You brush over this way too quickly.
In some other places you make some good points (and in yet other places you make some not good points), but this one is skating around the crux of the issue without addressing it whatsoever.
The question is whether brains are sexed, and if so, if the sexing includes an intrinsic affinity with a sexed body; and if both are true, whether in practice people with fairly typically male-sexed brains with male-anatomy-affinity end up in female bodies, and vice versa.
If this is true, then your entire argument is invalid. Because the premise is that people have one sex for their entire body, brain included.
That there could be a mismatch in some cases is not a completely outlandish thing to consider. Scientists routinely make flies where different body tissues have different sexes in order to understand where sex-specific differences come from. Flies with female brains and male bodies are just a matter of expressing the right regulatory factors in the nervous system. Furthermore, that there exist cases of DSD indicates that the normal regulatory machinery can go awry at the whole-body level. So how sure are we that it doesn't also go awry in tissue-specific ways? You certainly have people with a normal female body but not a normal reproductive system, as another example of a tissue-specific failure of the sex determination pathways.
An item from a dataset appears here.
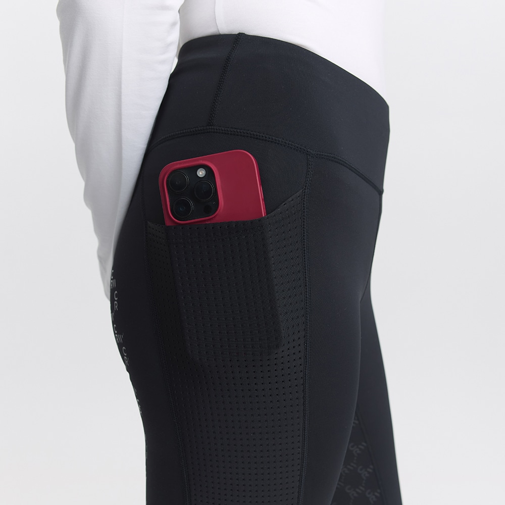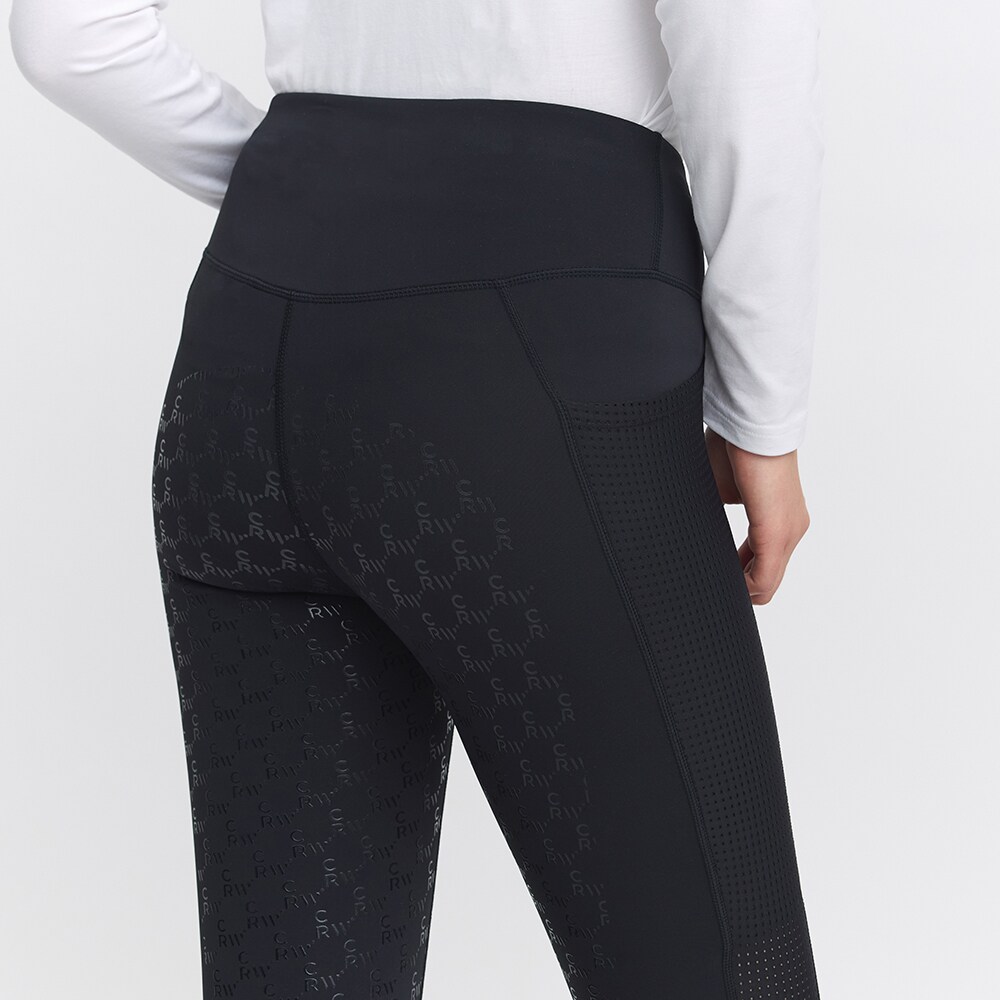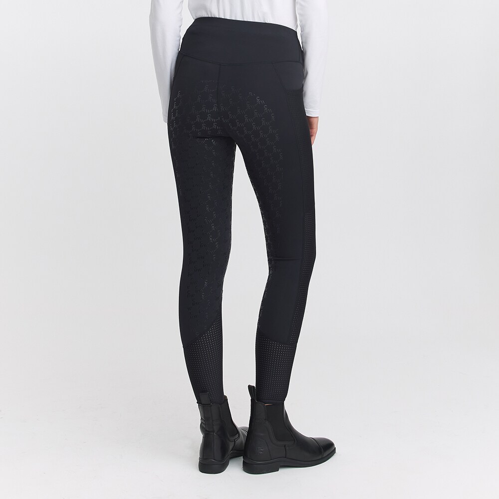 Rijlegging met zadelgedeelte van comfortabel, functioneel materiaal dat gemakkelijk is te reinigen. De kwaliteit is zacht en rekbaar en voelt tegelijkertijd stevig aan. Normale taillehoogte met brede tailleband voor optimale pasvorm en stabiliteit. Geheel

Are there cases where you have what is effectively a female mind prepared to process input from a female body which finds itself in a male body, or vice versa?
Especially because people with gender dysphoria report a subjective sense of exactly this phenomenon, I don't think it's fair to simply sweep aside the concern in a parenthetical that hardly even addresses the issue.
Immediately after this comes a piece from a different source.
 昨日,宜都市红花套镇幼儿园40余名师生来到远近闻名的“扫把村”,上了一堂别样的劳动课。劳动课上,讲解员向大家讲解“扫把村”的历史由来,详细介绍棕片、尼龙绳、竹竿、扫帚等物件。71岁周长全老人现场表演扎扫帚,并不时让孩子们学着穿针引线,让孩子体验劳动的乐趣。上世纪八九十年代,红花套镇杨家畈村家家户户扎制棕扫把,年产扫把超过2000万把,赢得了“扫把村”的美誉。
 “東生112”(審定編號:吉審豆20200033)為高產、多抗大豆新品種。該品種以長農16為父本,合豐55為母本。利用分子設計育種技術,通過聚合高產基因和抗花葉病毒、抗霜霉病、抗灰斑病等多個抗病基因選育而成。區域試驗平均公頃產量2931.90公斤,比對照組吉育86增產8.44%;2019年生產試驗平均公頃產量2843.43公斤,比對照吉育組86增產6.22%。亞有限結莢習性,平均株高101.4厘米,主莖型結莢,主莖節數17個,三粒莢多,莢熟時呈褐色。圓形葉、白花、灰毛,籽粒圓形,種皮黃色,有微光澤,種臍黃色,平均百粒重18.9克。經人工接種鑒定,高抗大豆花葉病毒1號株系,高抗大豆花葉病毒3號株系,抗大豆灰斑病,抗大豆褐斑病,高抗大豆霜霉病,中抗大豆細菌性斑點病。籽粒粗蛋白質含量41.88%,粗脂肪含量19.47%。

There are other problems with some of your characterizations (mostly in neglecting to consider the situations where someone has transitioned successfully to the point where the perception of their gender matches their new gender), but not considering the possibility of a brain-body mismatch when trans people frequently say that is exactly what it feels to them is going on is by far the largest flaw.
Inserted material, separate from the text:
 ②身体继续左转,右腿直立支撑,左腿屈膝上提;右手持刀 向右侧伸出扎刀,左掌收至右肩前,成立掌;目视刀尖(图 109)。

(Note that one may need different arguments for different trans people if there are differences in the underlying biology. For instance, one can imagine cases where some brains are sexed, some are genderfluid intrinsically and latch on to the sex of the body, some are genderfluid intrinsically and get confused and are transiently backwards to the sex of the body, that some brains are sexed but have developed neuroses that cause them to reject their sex, etc. etc.--to be comprehensive, one would need to investigate whether each of these possible phenomena were real, and if so, consider how to handle that particular case. The answers may not all be the same.)